Ant to buy an angle grinder. Was leaning towards the milwaukee 4 1/2" 11 amp. But I was wondering who has input on the best power & longest life for the money. I know that buying quality tools is an investment & I want to invest wisely.


----------



## dclarke (Dec 22, 2012)

Angle grinders are fairly cheap power tools. I'd get a good brand but whatever fit my hands the best. If a tool has great specs but awkward to use the specs are worthless.


----------



## gassyplumber (May 1, 2011)

I like the Bosch slim grip. Fits the hand nice even with heavy gloves on


----------



## Dpeckplb (Sep 20, 2013)

Im for the Dewalt with the paddle swtich.


----------



## Will (Jun 6, 2010)

I like the Dewalt with the paddle switch too


----------



## jtplumber (Jan 21, 2014)

I have a Makita 4" and dewalt 4.5 paddle. Use my dewalt for mostly everything but doing a tie in on 4" c/I above ceiling the Makita fits great to get clean cut.


----------



## Drain Pro (Nov 3, 2013)

I have a Hilti. It's comfortable to hold and more than gets the job done.


----------



## newyorkcity (Nov 25, 2010)

Honestly, has anyone kept the guard on for more than a day?


----------



## Drain Pro (Nov 3, 2013)

newyorkcity said:


> Honestly, has anyone kept the guard on for more than a day?
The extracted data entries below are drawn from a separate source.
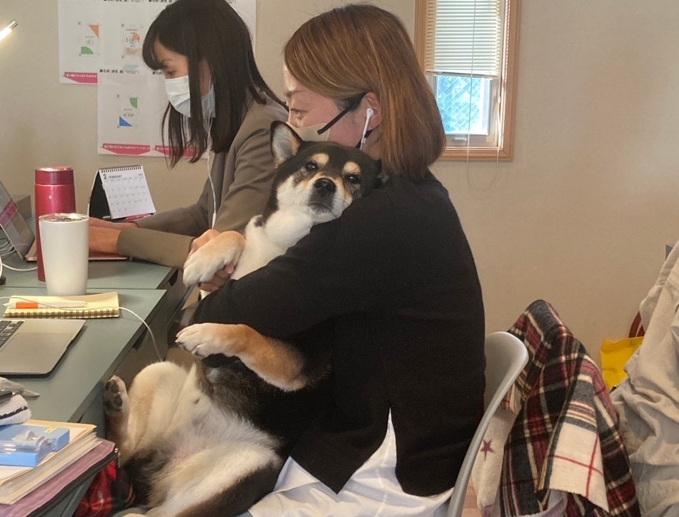 ※社員に抱っこされてオンライン会議に参加。つまらない、という表情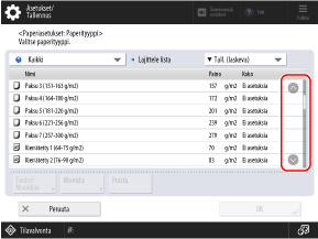 Jos kaikkia luettelon kohteita ei voida näyttää yhdessä näkymässä, voit vaihtaa tai vierittää sivua napauttamalla [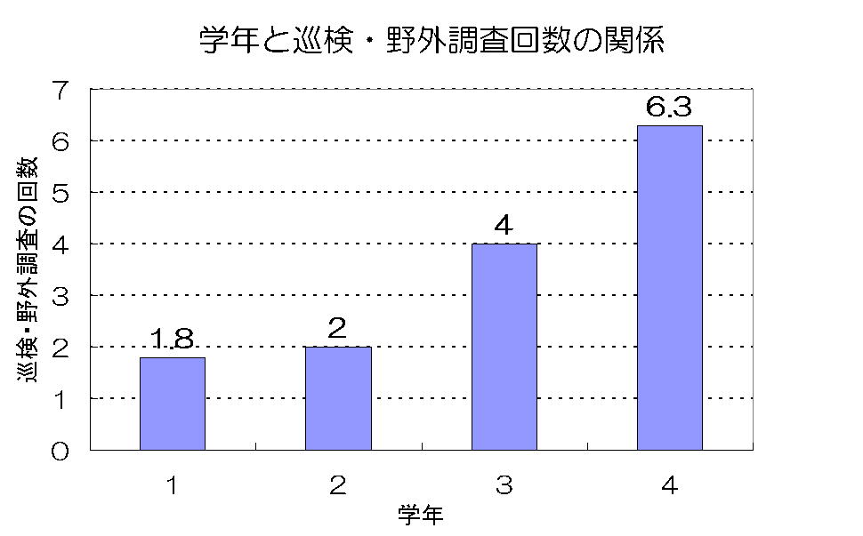 学年と巡検・野外調査の回数の関係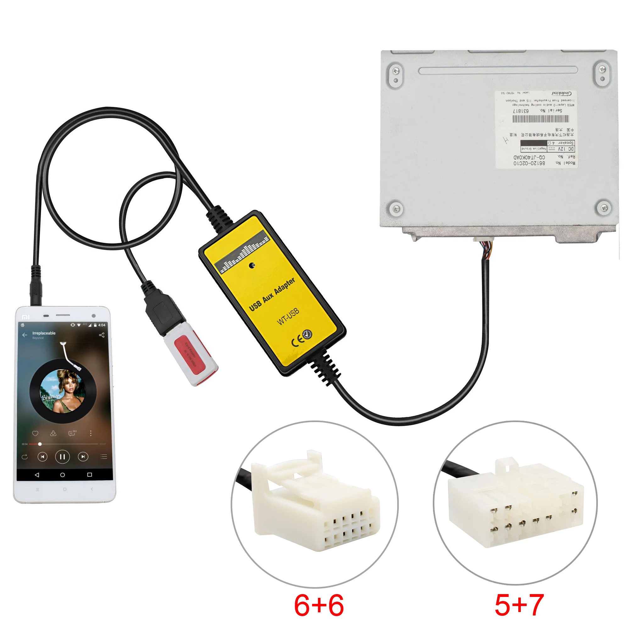 Moonet автомобильный стерео AUX и USB адаптер для Toyota 6 + 6 (для оптовой продажи) QX005/QX018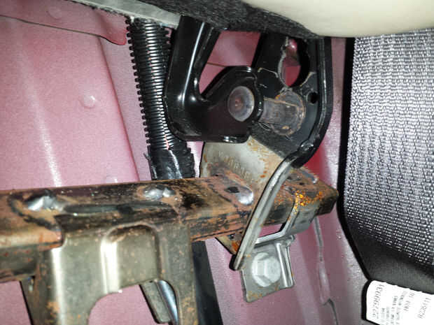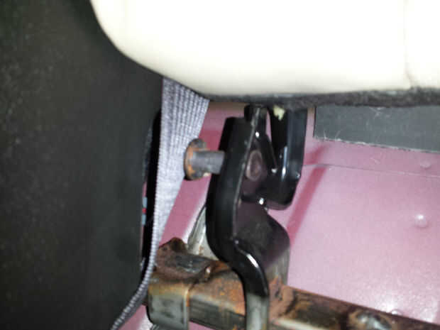 La parte del respaldo del asiento es sostenida en lugar por dos clips en el parte superior atrás, uno a cada lado. Empuje la parte superior del asiento hasta comprimir clips y tire directamente hacia afuera liberando la parte superior del respaldo. Ahora se une el respaldo por el clip circular con una pista que agarra el perno redondo en la parte inferior del asiento. Tenga cuidado de no romper o perder a los espaciadores de plástico pequeños que recorren el clip en el asiento. Suelte con cuidado el respaldo de los clips levantando hacia arriba y fuera de pista. Quitar respaldo y colocar un coche lateral.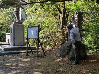 眺めを楽しみつつ、佐伯有頼、大伴家持などの歴史事象、古代から歌われている呉羽山からの月と今見える月の対比、土壌を組成している、円磨によって丸くなった石への気付きなど、豊かな学びの要素を堪能させていただいているようです。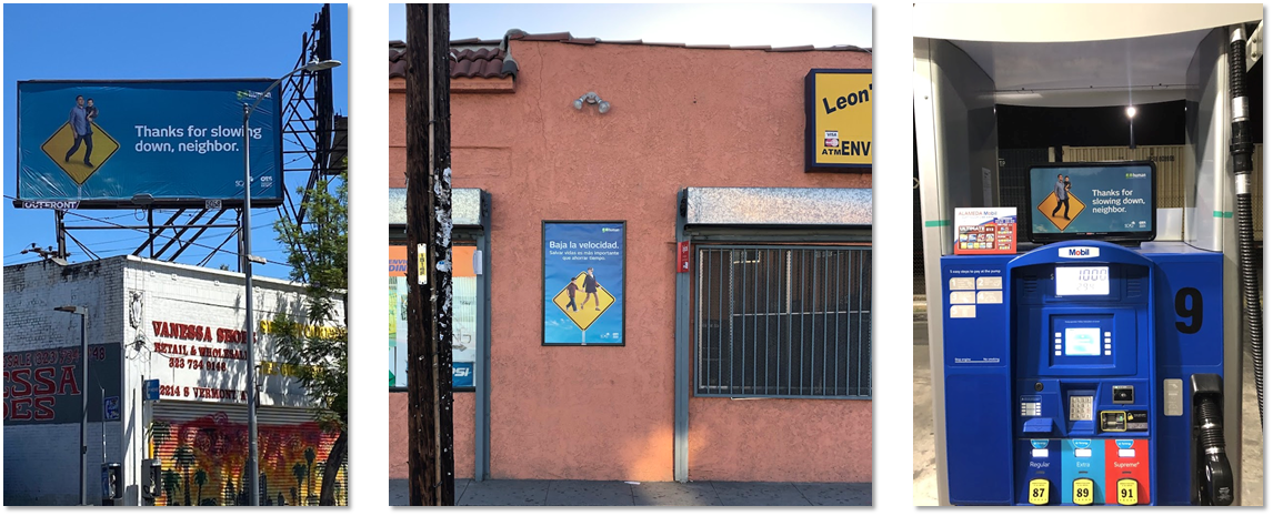 - Ran targeted ads in English and Spanish throughout August 2020 on billboards, bus shelters, gas pumps and other strategic placements, reminding drivers to slow down.

I finally leave it on after years of taking it off. I'm getting more safety conscious as I get older. I now wear a dust mask and safety glasses whenever I use it.


----------



## dclarke (Dec 22, 2012)

newyorkcity said:


> Honestly, has anyone kept the guard on for more than a day?


I always keep the guard on.


----------



## PlumbDumber (Aug 7, 2013)

Grinders don't cost that much, don't take up too much room, and are too important IMO to only have one on my truck. I keep two and have the guard on the one that I use the most and a second one with no guard on it that I use when the guard gets in the way.

It saves a lot of time not having to remove the guard & reinstall it after the job is done.

I had one given to me as a present that came from Northern Tools & liked it so much that I got another. They are cheap in cost & have lasted me for years under heavy use.


----------



## Pacificpipes (Oct 1, 2013)

newyorkcity said:


> Honestly, has anyone kept the guard on for more than a day?


No. Not on the small grinders. Thats the first thing to go. Large ones I think could do some damage if the disc breaks so that one stays on.


----------



## Dpeckplb (Sep 20, 2013)

I forgot I use the 18v Cordless Dewalt the most.


----------



## MootsNYC (Dec 19, 2013)

I like my Milwaukee 4 1/2, it has been through hell and back and is still kicking!


----------